James Clark <jjc@jclark.com> is developing a new implementation of a suite of SGML parser tools, called SP. These include:
nsgmls
            sgmls-compatible validating SGML
                parser.
            spam
            sgmlnorm
            spent
            
            Besides being a complete redesign of the earlier successful
            smgls implementation, the new programs are
            designed for the future:  they support extended character
            sets, such as Unicode, and various multi-byte encodings used
            in oriental languages.
        
The new code is written almost entirely in C++ (just over 50K lines at version 1.0.1, or 2.5 times the size of Don Knuth's TeX or Metafont), and requires template support, a relatively new feature of C++ which is not yet widely available.
WARNING: To build these programs, you will need about 50MB of disk space, unless you remove the default -g compiler option. Doing so reduces the executable sizes from almost 10MB each to about 1.5MB (on a Sun SPARC Solaris 2.3 system).
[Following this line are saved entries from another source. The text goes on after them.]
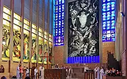 - An der Rückwand des Altarraums befindet sich die riesige, auf Gips gemalte Verklärung des Herrn in Schwarz, Weiß und Grau desselben Künstlers. Die einfache Farbwahl harmoniert mit den sie umgebenden lebhaften Farben aller anderer Elemente des Dekors.
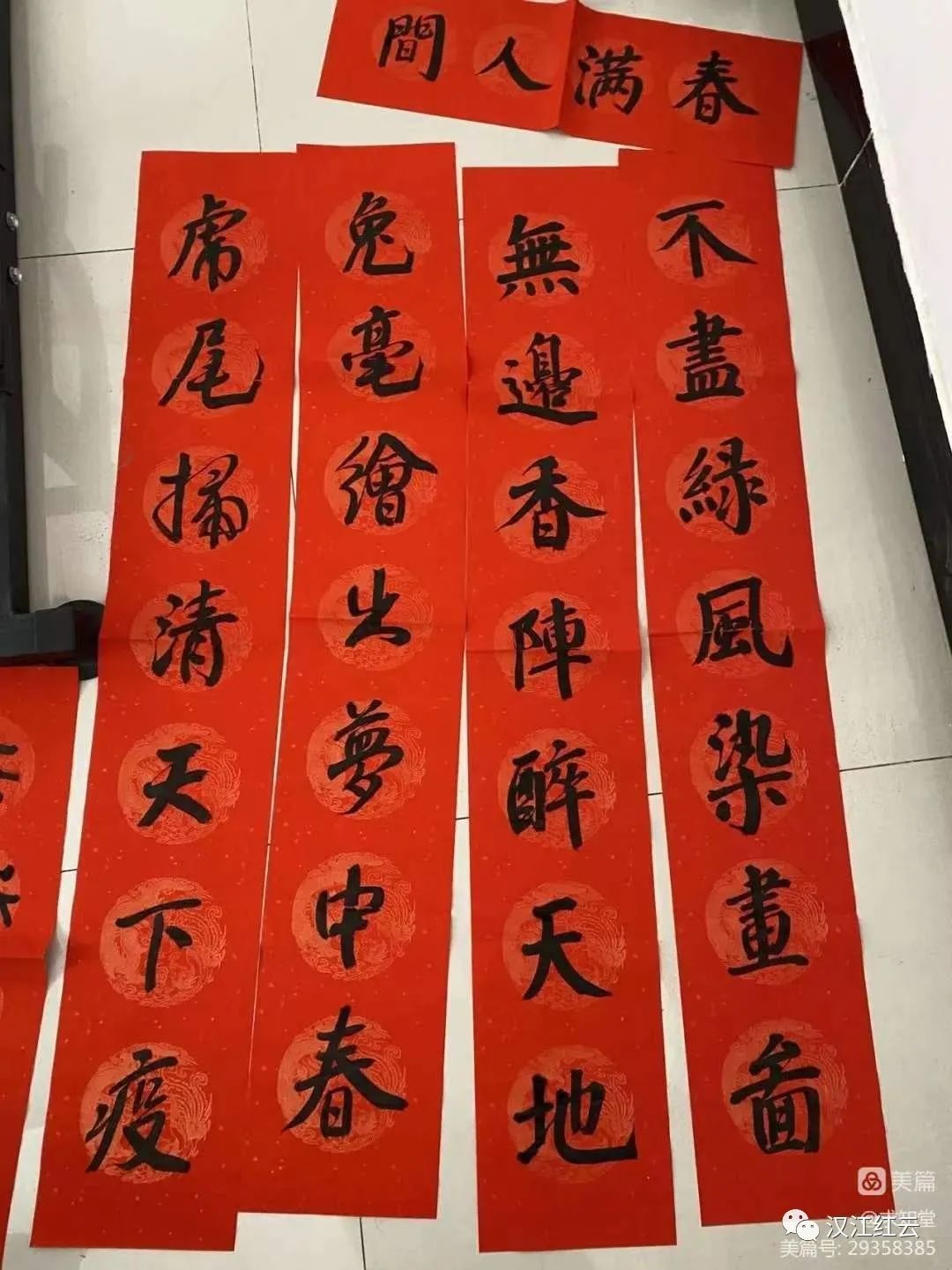 此次義寫春聯活動還走進了漢濱區早陽鎮,“朱紅春帖千門瑞,翠綠柳風萬戶新”"盛世紅梅迎雪舞,新時玉兔踏春來”,一幅幅紅彤彤的春聯給早陽鎮干部和群眾帶來迎春的喜悅。
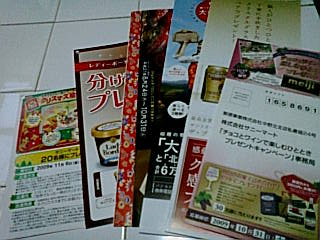 タイアップ・フジ×カルピス(オリジナル絵本・朝顔グラスが当たるハガキ)10/31〆レシ・フジ×森永製菓(商品券が当たるハガキ)10/19必着〆レシ・イオン、ダイエー×キリン(イオンギフトカード・ダイエー商品券が当たるハガキ)10/23〆レシ(レシート有効10/18まで)・イオン(ジャスコ・スーパーセンター)×キリン・ニッポンハム(サッカー教室・日帰りペア昼食券・お料理教室・商品券などが当たるハガキ)11/4〆レシ(レシート有効10/31まで)・イオン×サントリー金麦(ホテル宿泊&ディナーがペアで当たるハガキ)10/20〆レシ・イオン×サントリー(ホームベーカリー・IHホットプレート・スチームオーブンレンジ・選べるグルメギフト券が当たるハガキ)11/30〆レシ全国版・パスコ(リサとガスパールのピクニックセットが当たるハガキ)12/5〆シール・UCC(エコグッズが当たるハガキ)1回目12/31、2回目2/28〆マーク・サントリー角瓶(四国限定)(グルメカタログが当たるハガキ)11/9〆シール・マルキン(現金5000円・3000円が当たるハガキ)1回目10/31、2回目11/30〆バーコ・ピエトロ(素敵な景品・現金1万円が当たるハガキ)1回目2010年2月、最終2011年3月〆マーク・いなばペットフード(JCBギフト券・オリジナルケトル・ペットフードが当たるハガキ)2010年1/31〆シール

Alternatively, you can build them, then run the UNIX strip command on the executables to remove debug symbols.
            The SP programs can be compiled and built using
            recent releases of
            
                GNU g++ and libg++
            
            (2.7.1 or later: patches to gcc 2.7.0 are included in the
            SP distribution). g++ itself is built as part
            of the GNU gcc compiler installation;
            although that installation takes a few hours, and requires
            about 120MB of disk space to be able to run the validation
            tests before installation, it is straightforward, and
            should be problem free on most current UNIX systems.  The
            GNU compiler suite has also been built on IBM PC MS DOS
            and DEC OpenVMS systems, although those versions usually
            lag behind.
        
            WARNING: With at least libg++ 2.7.1, there is an
            installation problem that has been reported to the
            developers: make install does not
            install libio.a, libiostream.a,
            and librx.a.  libiostream.a is
            required for building SP, and most other C++
            programs.  To remedy this, I did the following steps
            manually in the libg++ directory:
        
(cd librx; make install) cp libio/libio*.a /usr/local/lib
            Unfortunately, I only discovered this problem after having
            built libg++ on 8 systems, and then having
            deleted the build trees after the make
            install, so I had to do it all over again, sigh...
        
            The SP distribution site has binaries for IBM
            PC DOS, Intel 386 Linux, Intel 386 Windows NT 3.5, Sun SunOS
            4.1.3 and Sun Solaris 2.3, so if you have such a system, you
            may not need to build any of the SP code from
            scratch, or to install g++.  Binaries are also
            available for the previous version (0.4) for DEC Alpha OSF/1
            3.x and IBM PC OS/2 systems.
        
            Just as with
            
                sgmls,
            
            lengthy command lines are needed to run these programs
            successfully.  To facilitate their use, I've prepared simple
            UNIX shell scripts
            
                html-ncheck
            
            and
            
                html-spam
            
            to hide the complexity, so that only the HTML files need to
            be provided on the script command lines.
        
            If you have installed the html-check
            distribution, and you want to use html-spam,
            you need to add to end of the HTML catalog file,
            
                /usr/local/lib/html-check/lib/catalog.
            
            these lines:
        
        -- Added at the suggestion of James Clark <jjc@jclark.com> --
        -- so that spam -p doesn't output the contents of html.decl --
SGMLDECL html.decl
        
            Without this change, the contents of html.decl
            are copied to the output if the -p is included
            in the spam invocation in html-spam
            ; omitting -p and including 
            html.decl doesn't help, because the <!DOCTYPE ...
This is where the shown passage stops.